Morton Schapiro, president of Northwestern University, argues that preparing students for entry into the workforce requires a combination of "technical expertise and cultural competency."
In a commentary for The Chronicle of Higher Education, Schapiro and co-author Barry Glassner write, "Graduates will need both of those to thrive, not just early in their work lives, but over the long, unsteady haul they can expect to face."
Most people change jobs, and sometimes professions, multiple times before they retire, Schapiro says, and to give students everything they need, "higher education must become appreciably more interdisciplinary."
"There is nothing wrong, and much right, in having a history department and a computer-science department," Schapiro writes. "Too often, though, departments become compartments in which professors and students speak primarily with each other, in vocabulary known only to themselves, thereby making integrative research and instruction impossible.

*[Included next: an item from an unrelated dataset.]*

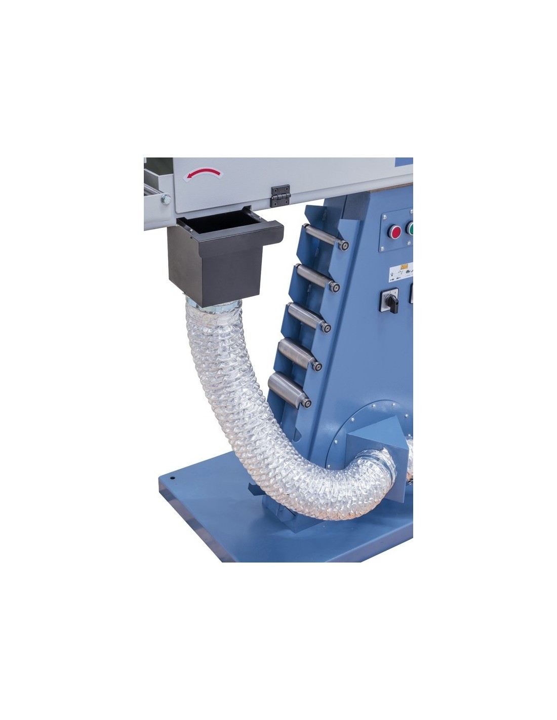 Vienas iš svarbiausių šio modelio privalumų yra integruota dulkių nutraukimo sistema. Ji užtikrina švaresnę darbo aplinką, sumažina abrazyvinių dalelių kiekį ore ir prisideda prie įrangos ilgaamžiškumo bei operatoriaus saugumo. Tai ypač aktualu dirbant su nerūdijančiu plienu ar atliekant didesnio intensyvumo šlifavimo darbus.

"Not only do big issues, like climate change and economic mobility, demand knowledge across disciplines, students require cross-disciplinary educations for almost every line of work," he continues. "Colleges should hire professors with joint appointments in two or more departments, and encourage students to take double majors, one of which is far outside their main field of study."
In addition to book learning and specialized training, students need creativity, Schapiro adds. Students in every major should take a class or two in improvisational acting, creative writing, or drawing.
"Being proficient at writing code or any other technical skill will take you only so far in an evolving labor market," he writes. "The fix for higher education is neither to turn colleges into quasi trade schools, nor to repackage the liberal arts, but to afford students the tools and humility they need to educate themselves for a lifetime."